Well first of all you're going to have to define "perfection". I know it sounds like anal semantics, but depending on what you mean by perfection it could well change the way I approach your questions. I take perfection, generally, to mean "devoid of flaws": would that be suitable in this context?

That aside, having read your "This Debate Is Getting Spectacular" essay, I fear that your framework suffers for the same reasons mine (as presented briefly in the "Morality - Where Do You Stand?" topic) namely, that in presenting it as a prescriptive theory - that is to say, one you would quite happily will humanity into adopting - it does lead to some rather unpleasant consequences.

To refresh your memories, I simply said that morality is something that is developed independantly (most of the time) of rationalism or logic. This being the case, you should expect morality to be quite "illogical" at times, and thus any attempt at manufacturing a logically consistent system is doomed to failure. Thus, I argued that the best moral systems are those that describe morality as it is (descriptive theory) rather than those that are prescribed as being the most "preferable" theories for people to adopt (prescriptive theories). Virtually all moral theories I'm familar with take the latter, that is to say the prescriptive form and this is why they fail.

So, for instance, my ill-thought-out attempt at a descriptive moral theory was to say that the most moral actions are those that place the desires of others ahead of your own. Thus, if you wish to act morally, all you need to do is to put others ahead of yourself. Could anyone disagree?

So that is morality as I see it then (understanding how other people wish to be acted upon, and to grant them that wish). Now, obviously, if I were to advocate that as a prescriptive theory then we have some serious issues to do with freedom. If I continually put other people infront of myself, then obviously this will lead to self neglect, and the danger of not being able to define oneself or ones life in any way (though, if everyone adopted the same stance it would be slightly different, but I'm approaching the issue from an individualistic rather than a collective sense, as it would be nigh on impossible to force an entire population to adhere to a particular moral doctrine).

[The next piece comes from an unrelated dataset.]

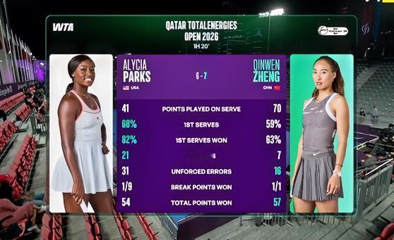 首盘耗时80分钟!! … 帕克斯发球太恐怖了,接发球也神了!!制胜分21对7,郑钦文完全被碾压,但在各方面落下风的情况下,郑钦文还是顽强的将比赛拖入抢七,抢七中郑钦文抓住了帕克斯一记致命的双误,7-6(5)拿下抢七。目前第二盘比赛正在进行中,钦文2-3落后,加油加油!!郑钦文 帕克斯

Given all this, I could never advocate my moral theory as a preferable one (i.e. as a prescriptive theory), because it denies us a very large chunk of our freedom. I still believe that the most moral action is that which panders to the wishes of other people ahead of our own, but I do not believe that this reality is necessarily right - and here lies the distinction.

As for your theory of determining morality as a means to allowing people to achieve their own subjective notion of "perfection" Leo, I see the same problem. In fact, now that I think about it, our approaches are very much the same, only that I am attempting to define a moral action (that which benefits another) whereas you are attempting to define an immoral action (that which hinders another from striving towards their own perfection). Thus, I will agree that in terms of describing what is "right or wrong", you are right in saying that an immoral action is that which hinders (adversely obviously) the desires of another, whereas a moral action (presumably) will be that which aids it. If, however, we were to take this descriptive theory and make it prescriptive, then we would have the same problems that I faced before - that is, either people too willing to help out others at their own, individual expense, or people too afraid to come in contact with other human beings for fear of stunting their path towards perfection. Either way, we could say that this state of affairs would be undesirable.

does this allow for a society of free individuals

As with my theory (if you wish to call my ideas a "theory") if the collective were - to the last person - to adopt the theory, then yes, it could grant us more freedom than we currently have. However, this is no utopia, and people are unlikely to collectively adopt any system of morality that differs from whatever morality binds us now. The practicial application of any moral theory makes it "prescriptive" by default, and is thus likely to be unworkable, for the reasons I mentioned above.

Is it the morality that humanity is slowly moving towards?

In a way, yes, Id say that it is. People are more concerned with not doing the "wrong thing", generally, than they are about doing the right thing and as such, we could see moral action as "that which does not hinder another". However, I see a more positive, proactive side to morality as well, that would necessitate acting morally (giving money to charity for example) that would probably be overlooked in a theory such as yours, which stresses an aviodance of doing the wrong thing, rather than actually doing the right.

However, so long as we take it to be a descriptive rather than a prescriptive theory, it still seems - to me - to be pretty accurate.

Is it universal in its application not only within societies, but in international relations?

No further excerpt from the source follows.